The idea of a 'rail-way' was not new. For hundreds of years horse-drawn carts had run on tracked ways to carry coal from the face to the pithead and then to the nearest navigable waters. In 1803, in the face of fierce hostility from the manufacturers of low-pressure steam engines, a high-pressure steam locomotive designed by Richard Trevithick had hauled a ten-ton load along a 'rail-way' near a Cornish tin-mine.
Yet the idea of steam locomotion is indissolubly associated with the name of George Stephenson. His triumph, like that of Winston Churchill over a century later, was based on his character, on an obstinate determination, on fixity of purpose, combined with the luck of being the right man in the right place at the right time. Like Churchill, Stephenson is honoured more in retrospect than during a long career largely spent battling the established order. 'Almost to a man', wrote his biographer L. T. C. Rolt, 'his fellow-engineers dismissed him as an unprincipled and incompetent schemer, but all their shafts broke against the armour of that stubborn determination to succeed which was to triumph over every obstacle, including his own weaknesses.' These included an almost pathological jealousy of other engineers, total autocracy, and a profound managerial incompetence.

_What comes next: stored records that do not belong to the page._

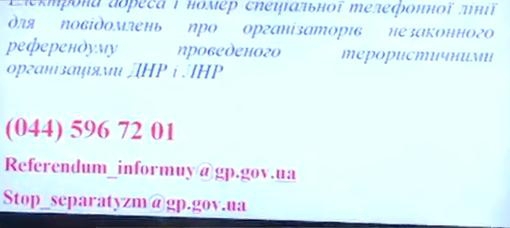 "У ГПУ відкривається пряма телефонна та електронна лінія для повідомлення громадян, які мають прямі данні про організацію сепаратиських референдумів та фінансування терористичнх організацій ЛНР-ДНР", - заявив генпрокурор.
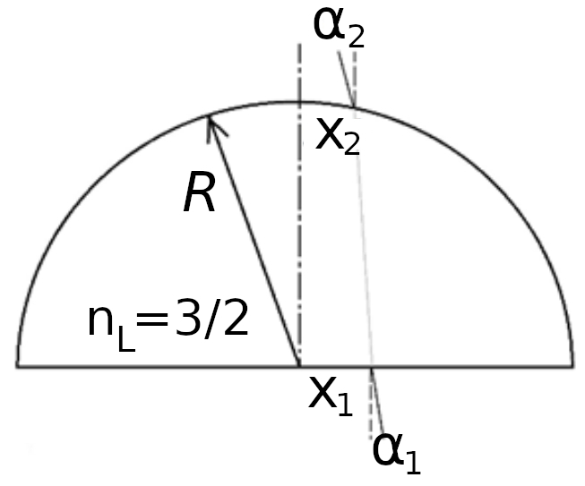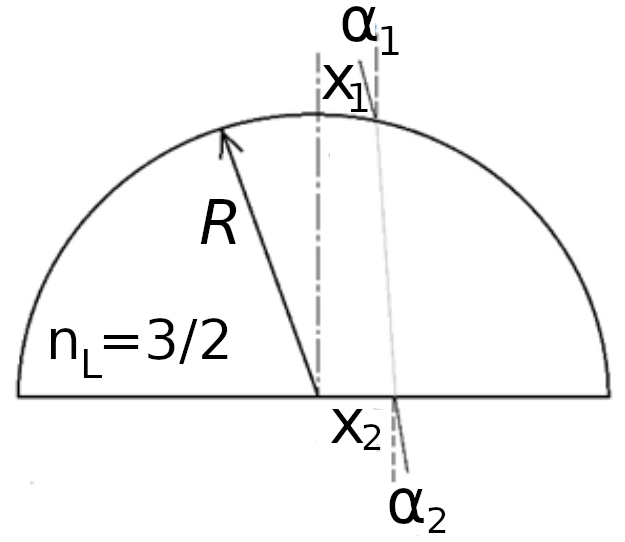 $n_L=3/2$) под малым углом $\alpha_1 \ll 1$ на расстоянии $x_1\ll R$ от оптической оси (см. рисунок). Найти, под каким углом $\alpha_2$ и на каком расстоянии $x_2$ луч выйдет из полушария. |
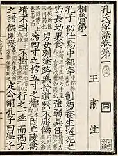 The postface to the Kongzi Jiayu asserts that it was compiled by Kong Anguo, an influential scholar and descendant of Confucius who lived in the 2nd century BC, from actual recordings of Confucius' sayings made by his disciples.[9] Soon after Wang Su, who was a critic of the scholar Zheng Xuan, published his version of the Jiayu, Ma Zhao (馬昭), a follower of Zheng, declared that it had been "amended and enlarged" by Wang.[10]
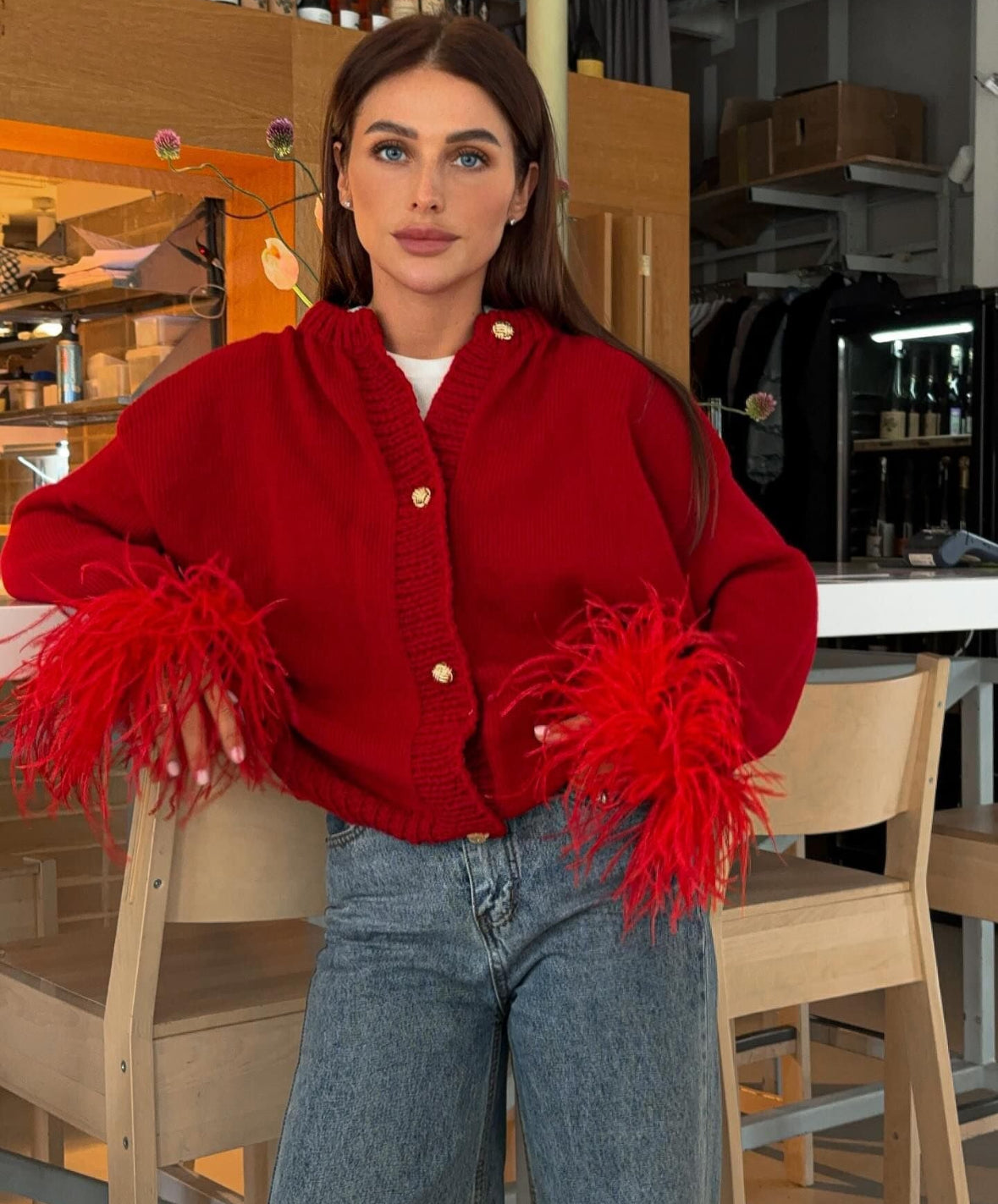 Setze ein Statement mit diesem luxuriösen Cardigan, der Stil und Eleganz perfekt vereint. Die federbesetzten Ärmel verleihen deinem Outfit eine extravagante Note, während die goldenen Knöpfe einen Hauch von Vintage-Glamour hinzufügen. Gefertigt aus hochwertigem Material bietet dieser Cardigan nicht nur einen modischen Look, sondern auch ultimativen Tragekomfort.

The applause is not undeserved. In John Rowland's words, he 'did not originate the steam locomotive, he did not invent a new type of machine; but he used other people's inventions and improved them so completely as to make them peculiarly his own'. Stephenson was lucky: during the first quarter of the nineteenth century the North-East of England, where he first found fame as the leading expert on mining engines, contained a concentration of mines, of rail-ways – and thus of capital – denied to Trevithick in distant Cornwall. Stephenson had lived almost all his life on a 'tramway line' from a mine to navigable water, so he could also draw on the experience of dozens of colleagues, all accustomed to the manufacture and maintenance of steam-engines reliable enough for men's lives to depend on the pumps they powered. So he was backed by both the money and skills required to assemble the package – engine, wheels, track – required to make steam locomotion an economic proposition.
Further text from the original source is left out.